The anti-vax crowd frequently seizes upon sudden deaths of young people to bolster claims that vaccines are harmful. This report based on data from Oregon (2024-04-11) found that there were exactly three deaths in vaccinated young people in the 100 days after vaccination. Of those three, two were due to long-term chronic conditions. That left one whose death was undetermined (to the researchers, at least)… compared to thirty who died of COVID-19.
Transmission
This case studies paper from USA (2024-04-05) found (using whole genome transcription) that two hospitalized patients caught COVID-19 from an asymptomatic patient who had been in the room hours earlier. For one of the infected patients, they were infected 2.75 hours after the contagious person left; in the other case, it was 4.75 hours after the contagious person left.

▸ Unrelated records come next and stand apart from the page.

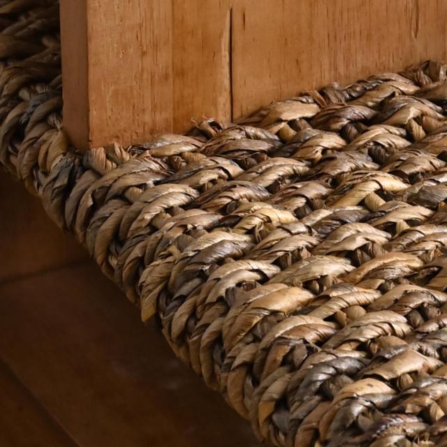 自然な濃淡が特徴的なバナナリーフは、3年ほどで材料となる収穫ができるエコな素材。バナナの葉には冷却効果や抗菌作用があるとされており、食品を包む食器や資材としても利用されています。太陽光や雨風に強いバナナの葉をアメ色にいぶし、乾燥させ、細かく撚ったものを編み上げて家具に使用しています。
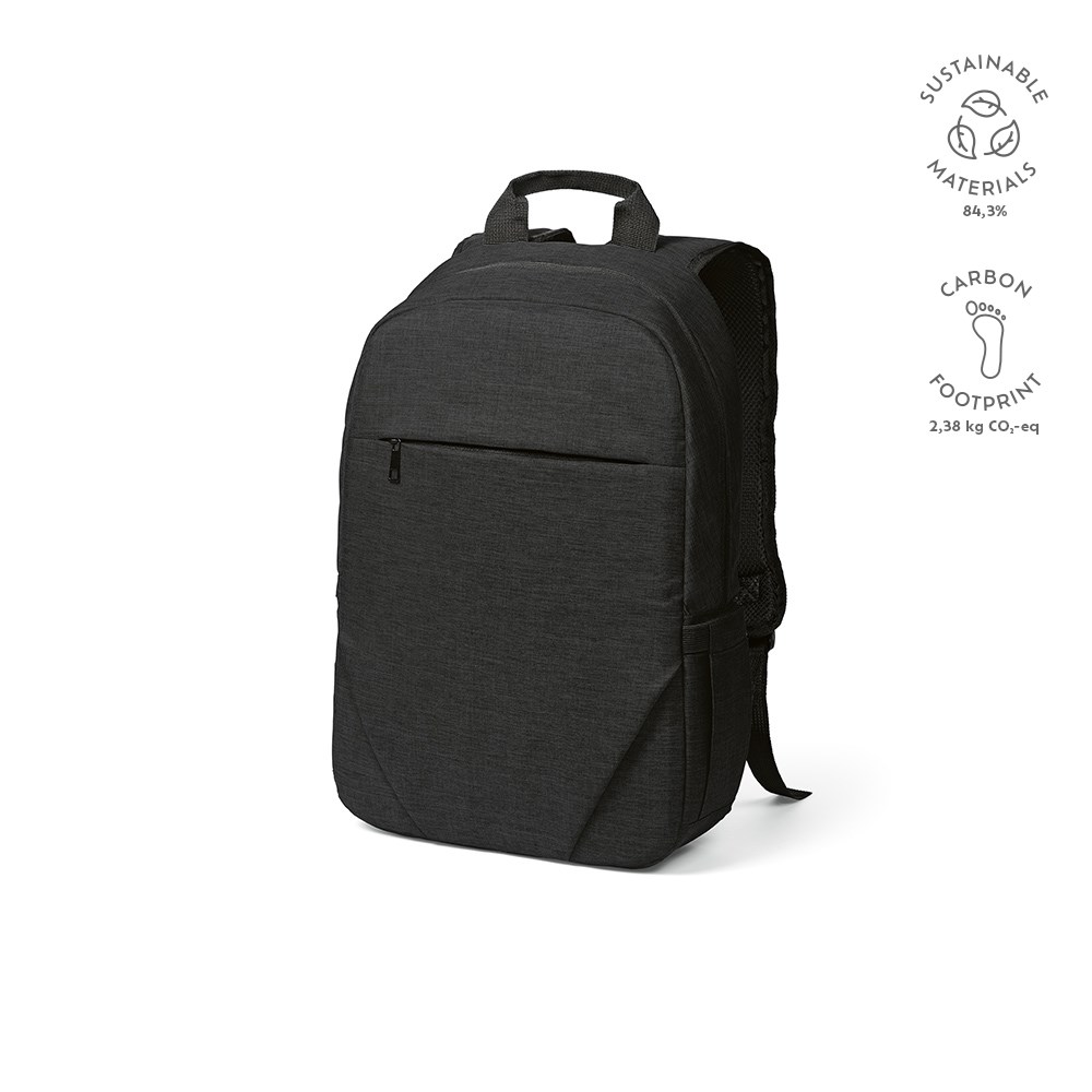 In unserem 300 D rPET-Rucksack mit 18L Fassungsvermögen trifft Effizienz auf Nachhaltigkeit. Seine Seitentasche und ein Vorderfach mit Reißverschluss sorgen für zusätzliche Nützlichkeit. Der verstärkte Griff an der Oberseite erleichtert die Mobilität in der Stadt und sorgt für Haltbarkeit.
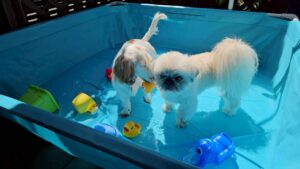 プールではふたりでアヒル救出大作戦🦆笑
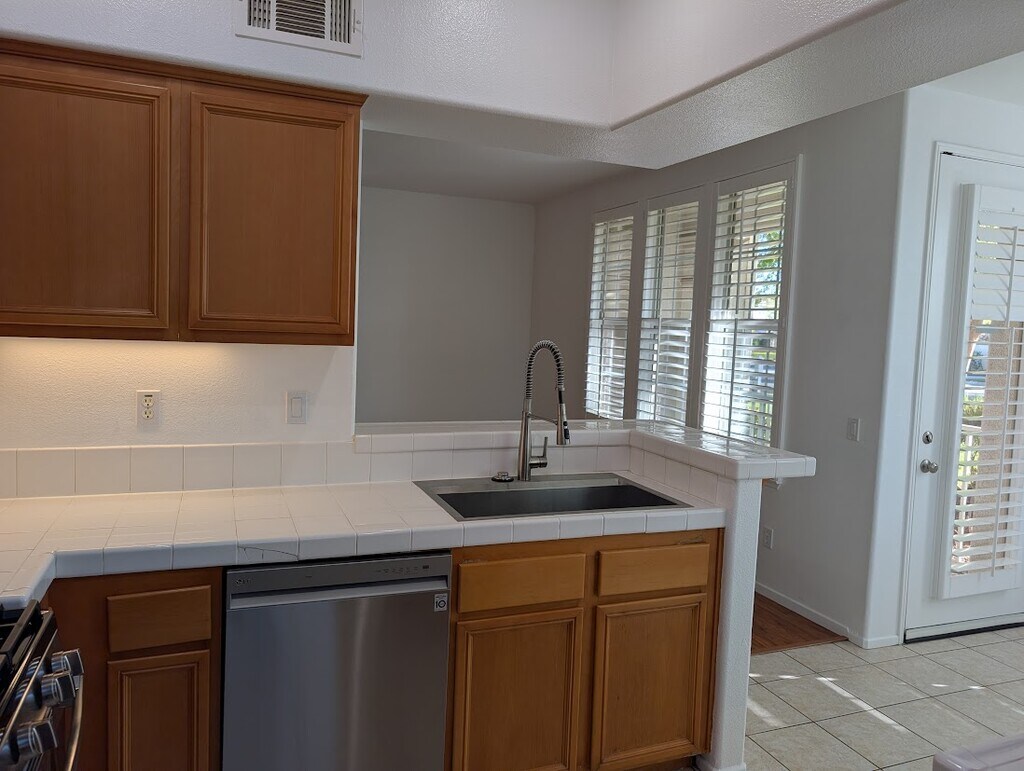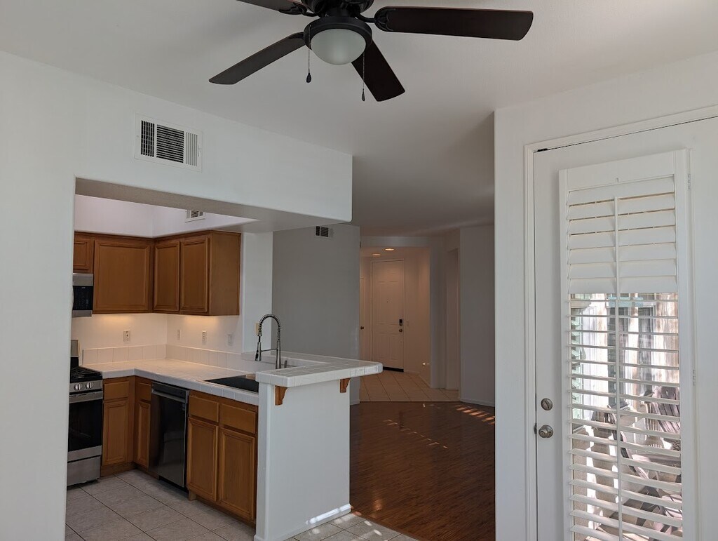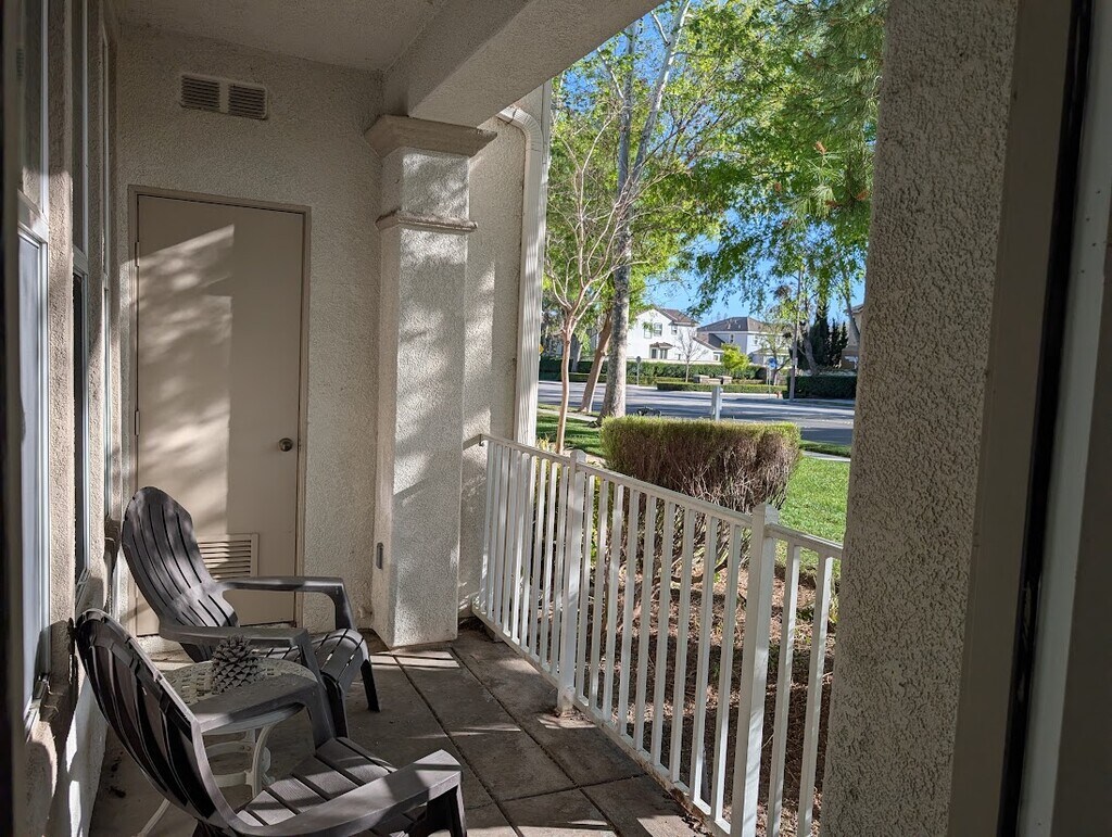 Beautiful Lower-Level Condo in the Highly Desirable Bridgeport Community of Valencia. Welcome to this light and bright lower-level condominium located in the sought-after Bridgeport area of Valencia. This well-maintained home offers a spacious and functional floor plan with approximately 1,046 square feet of comfortable living space. The inviting living room opens to the dining area and features plenty of natural light, creating a warm and welcoming atmosphere. The kitchen offers abundant cabinetry and counter space, making it ideal for everyday living and entertaining. The primary suite features a large bedroom, walk-in closet, and private bathroom. A generously sized secondary bedroom with its own walk-in closet is located near the second full bathroom, making it perfect for guests, family members, or a home office. Enjoy outdoor relaxation on the private patio just off the living area. Additional conveniences include in-unit laundry with stackable washer and dryer, and a two-car garage located just steps from the front door. Residents enjoy access to Bridgeport's beautiful lakes, paseos, parks, and community amenities, along with close proximity to shopping, dining, award-winning schools, and convenient freeway access. Available for immediate occupancy.

(NB: I swear I read a paper a while back which found that patients who were put in a bed that had been previously occupied by a COVID-19 patient — and we’re talking about beds, i.e. the pieces of furniture, not rooms — were more likely to catch COVID-19 than patients whose bed had previously had a non-COVID patient in it… but I can’t find that paper now. If there was such a paper, it could mean that the patients in the case study above caught it from fomites on the bed and not from aerosols in the air.)
This paper from Qatar (2024-04-09) found that a COVID-19 infection is about 82.4% effective* in preventing symptomatic infection between three and six months later, but that wanes to a negligible level after a year. *I believe the comparison cohort was people who did not have a record of being COVID-19 positive, but the paper was not clear about the control cohort’s characteristics.
Pathology
This paper from Canada (2024-02-29) found that SARS-CoV-2 f’s up infected cells more than we knew. Not only does it hijack the cell’s machinery to make more SARS-CoV-2 virus, it actually prevents the cell from making the stuff it is supposed to be making! It does this in two ways: it blocks the body’s own mRNA (the instructions for what to build) and it jams up the copying machinery (the ribosomes). It’s almost like catching COVID-19 is a bad thing. :-/
This paper from USA (2024-03-04) found that SARS-CoV-2 in infects macrophages (an important player in the immune system) in the lung capillaries to really nasty effect. They also found that SARS-CoV-2 uses the CD209 receptor (instead of the more common and famous ACE2 receptor) to infect those macrophages. This is important because it could potentially lead to new treatments: if you can jam up the CD209 receptors, you could prevent SARS-CoV-2 from infecting more macrophages.
Recommended Reading
This blog post points out the COVID minimizers on both sides have pushed for herd immunity: the right side of the political pushed for herd immunity via near-universal infection; the left pushed for it via near-universal vaccination. Both sides were wrong. The post also dissects different mainstreamed anti-vax rhetoric in clear terms.